Data to examine Block Start
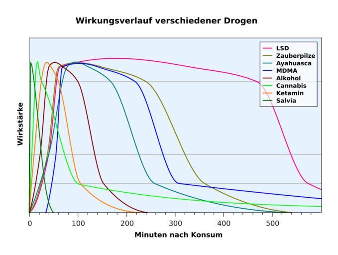 | Keywords: Drogen-wirkungsverlauf.svg de Wirkungsverlaufskurven verschiedener Drogen Basiert auf gemittelten Daten von erowid org en Effect graphs for various drugs Based on averaged data from erowid org own LordToran 2010-12-28 Cc-zero Psychoactive drugs harm diagrams and charts Created with QtiPlot |
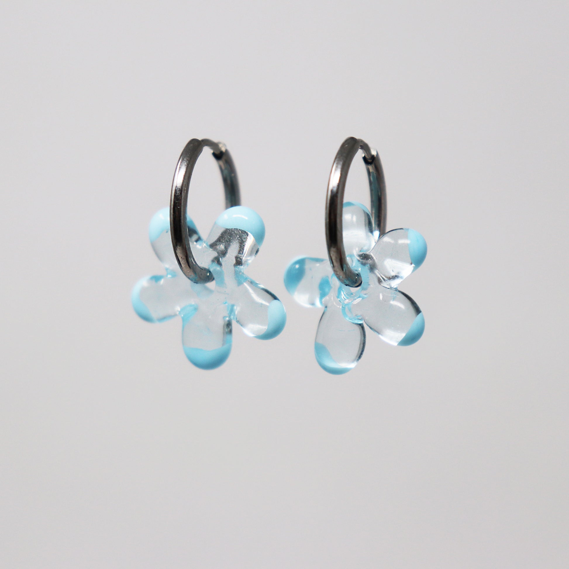 Soft glass flower earrings on stainless steel lever-back hoops.
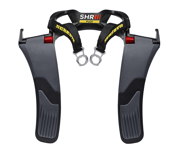 Shop Schroth SHR Flex »SCHROTH Racing is first to reveal the next generation of driver safety technology with the introduction of its SHR FLEX® series of head and neck devices for North American racers – now certified to SFI 38.1 for use with standard 3" racing belts as well as FHR specific 2" shoulder belts.
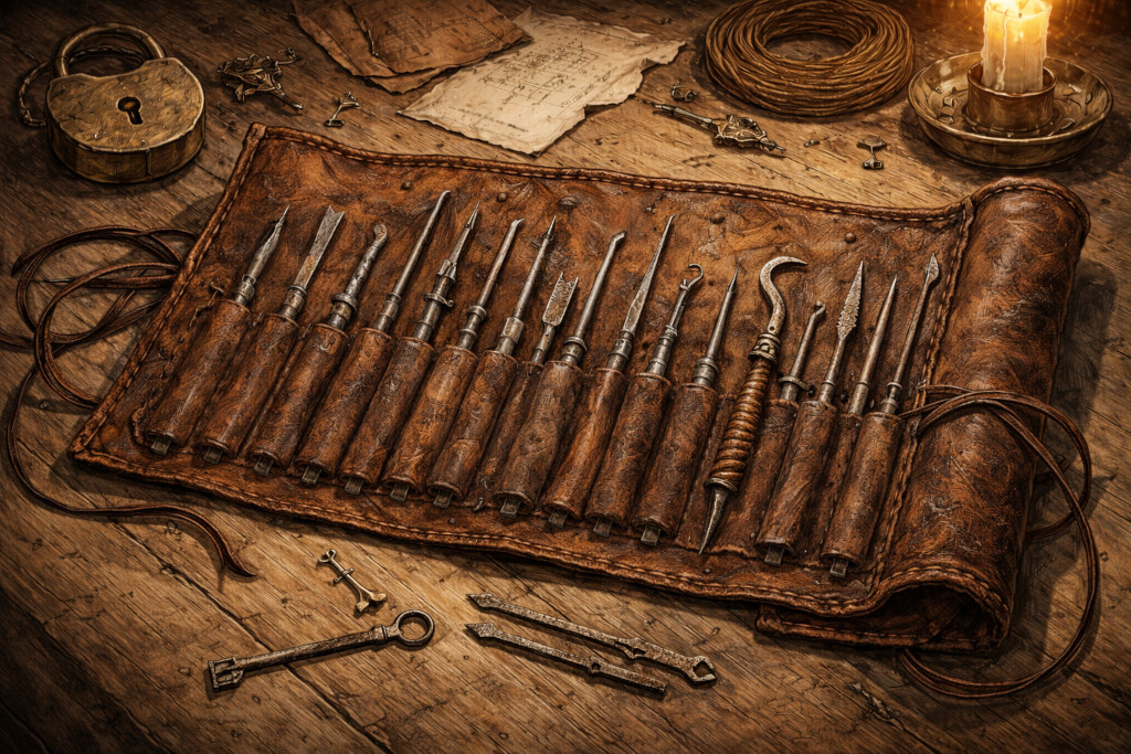 Es gibt viele verschiedene Arten von Dietrichen, doch für den Anfang braucht man nur drei verschiedene: Einen Haken, eine Schlange und vielleicht eine Rake. Wir empfehlen Dietriche zu besorgen, die etwas stabilere, breitere Griffe haben. Dazu sollte man 2-4 verschiedene Spanner unterschiedlicher Stärke und Größe haben. Dann braucht man noch einige einfache Übungsschlösser, dazu eignen sich günstige Vorhängeschlösser am Besten. Wir empfehlen für diese Ausrüstung eine kleine Lederrolle anzuschaffen, um diese kostbaren Werkzeuge sicher zu verwahren.
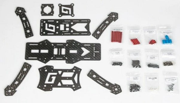 The frame of the ALPHA 250 is completely CF, which is extremely rigid and insensitive. The 2 bottom plates, which gives a streamlined look, allows the installation of 4 Brushless ESC, (not included)and stowing over long cable.
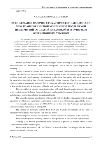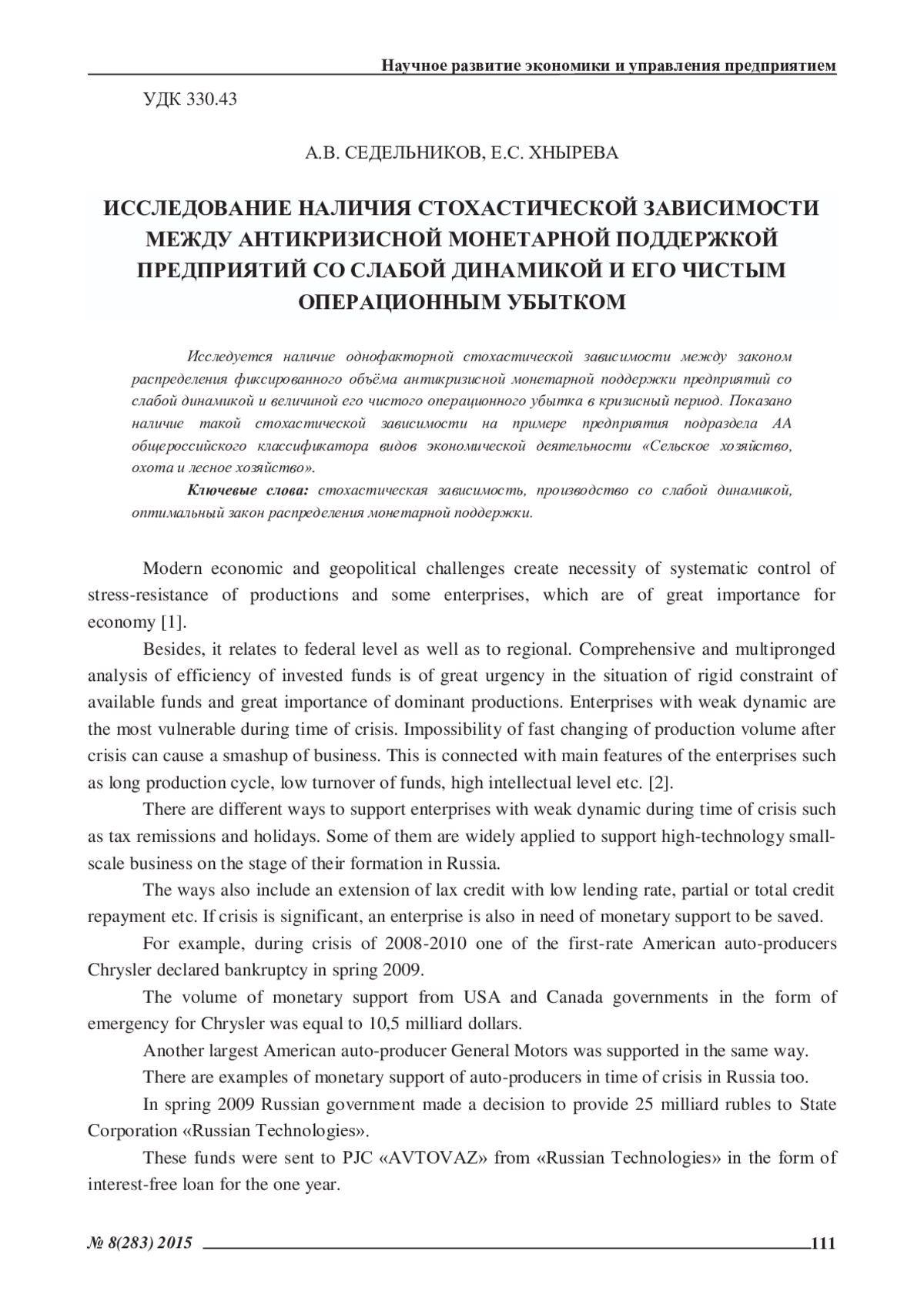 2. Седельников, А.В. Основные признаки предприятий со слабой динамикой, нуждающихся в дополнительных дотациях в период кризиса /А.В. Седельников, Е.С. Хнырева//Scientific Horizons. Materials of XI International Research and Practice Conference. Sheffield. Science and Education LTD, 2014. -Vol. 1 Economic Science. -P. 84-86.
Data to examine Block End
Task to complete:
Your job is to copy every entry exactly. Omit the pictures.

Exercise response:
 | Keywords: Drogen-wirkungsverlauf.svg de Wirkungsverlaufskurven verschiedener Drogen Basiert auf gemittelten Daten von erowid org en Effect graphs for various drugs Based on averaged data from erowid org own LordToran 2010-12-28 Cc-zero Psychoactive drugs harm diagrams and charts Created with QtiPlot |
 Soft glass flower earrings on stainless steel lever-back hoops.
 Shop Schroth SHR Flex »SCHROTH Racing is first to reveal the next generation of driver safety technology with the introduction of its SHR FLEX® series of head and neck devices for North American racers – now certified to SFI 38.1 for use with standard 3" racing belts as well as FHR specific 2" shoulder belts.
 Es gibt viele verschiedene Arten von Dietrichen, doch für den Anfang braucht man nur drei verschiedene: Einen Haken, eine Schlange und vielleicht eine Rake. Wir empfehlen Dietriche zu besorgen, die etwas stabilere, breitere Griffe haben. Dazu sollte man 2-4 verschiedene Spanner unterschiedlicher Stärke und Größe haben. Dann braucht man noch einige einfache Übungsschlösser, dazu eignen sich günstige Vorhängeschlösser am Besten. Wir empfehlen für diese Ausrüstung eine kleine Lederrolle anzuschaffen, um diese kostbaren Werkzeuge sicher zu verwahren.
 The frame of the ALPHA 250 is completely CF, which is extremely rigid and insensitive. The 2 bottom plates, which gives a streamlined look, allows the installation of 4 Brushless ESC, (not included)and stowing over long cable.
 2. Седельников, А.В. Основные признаки предприятий со слабой динамикой, нуждающихся в дополнительных дотациях в период кризиса /А.В. Седельников, Е.С. Хнырева//Scientific Horizons. Materials of XI International Research and Practice Conference. Sheffield. Science and Education LTD, 2014. -Vol. 1 Economic Science. -P. 84-86.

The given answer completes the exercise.